→ WORK REQUEST: Look below for the line containing "Diversity and progression" and the line containing "Panoramic view of the", then set down both and every line between them exactly, without pictures.

→ LISTED ENTRIES:
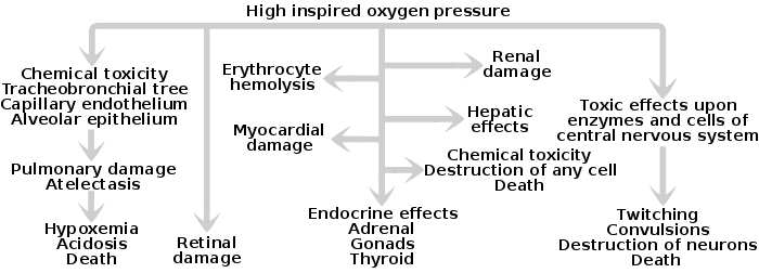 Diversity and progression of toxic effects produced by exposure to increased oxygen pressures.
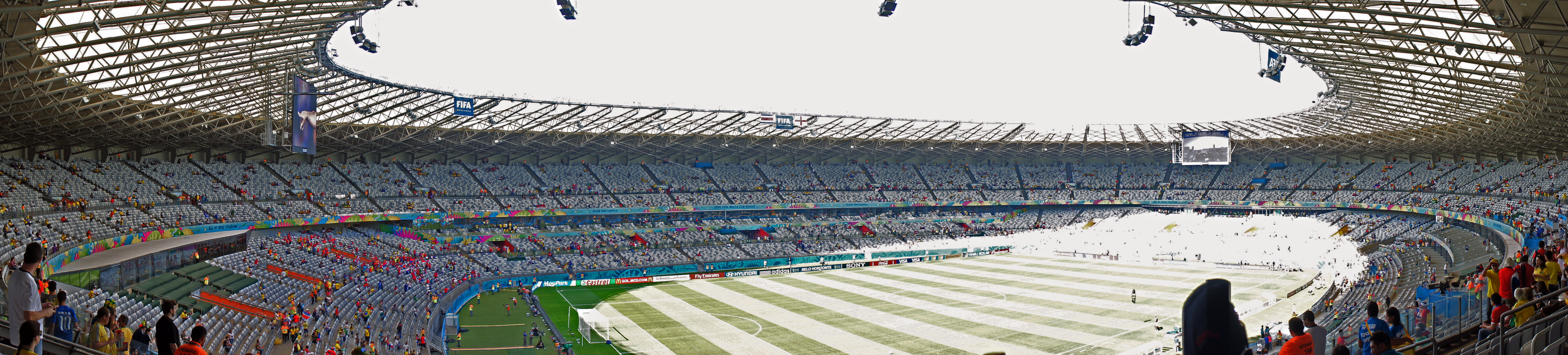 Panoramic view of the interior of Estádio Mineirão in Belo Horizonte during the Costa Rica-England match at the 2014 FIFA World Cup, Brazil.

==

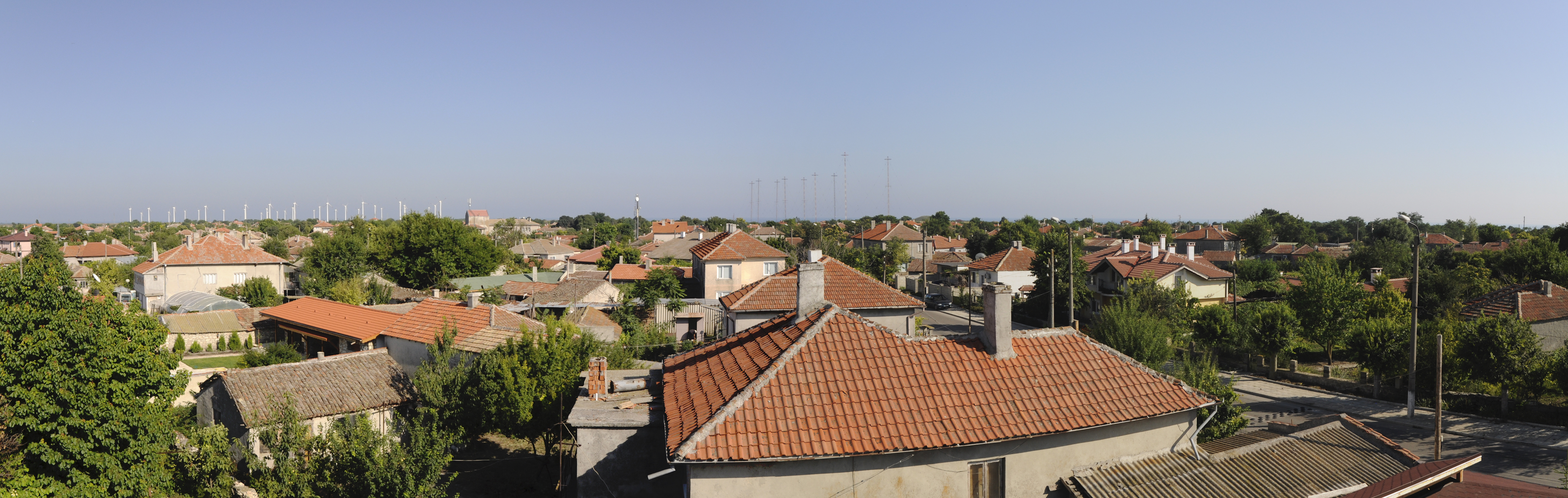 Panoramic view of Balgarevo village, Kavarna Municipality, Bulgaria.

==

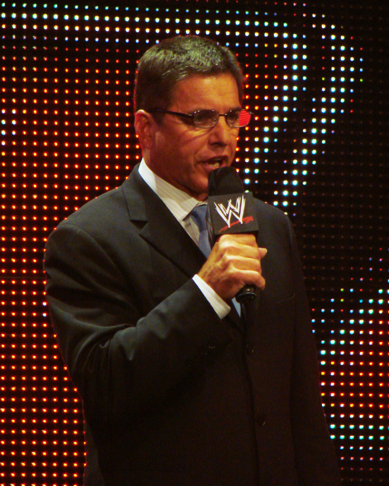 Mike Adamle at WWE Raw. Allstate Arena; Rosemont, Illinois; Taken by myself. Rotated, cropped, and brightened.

→ OUTPUT FOR THIS EXERCISE:
 Diversity and progression of toxic effects produced by exposure to increased oxygen pressures.
 Panoramic view of the interior of Estádio Mineirão in Belo Horizonte during the Costa Rica-England match at the 2014 FIFA World Cup, Brazil.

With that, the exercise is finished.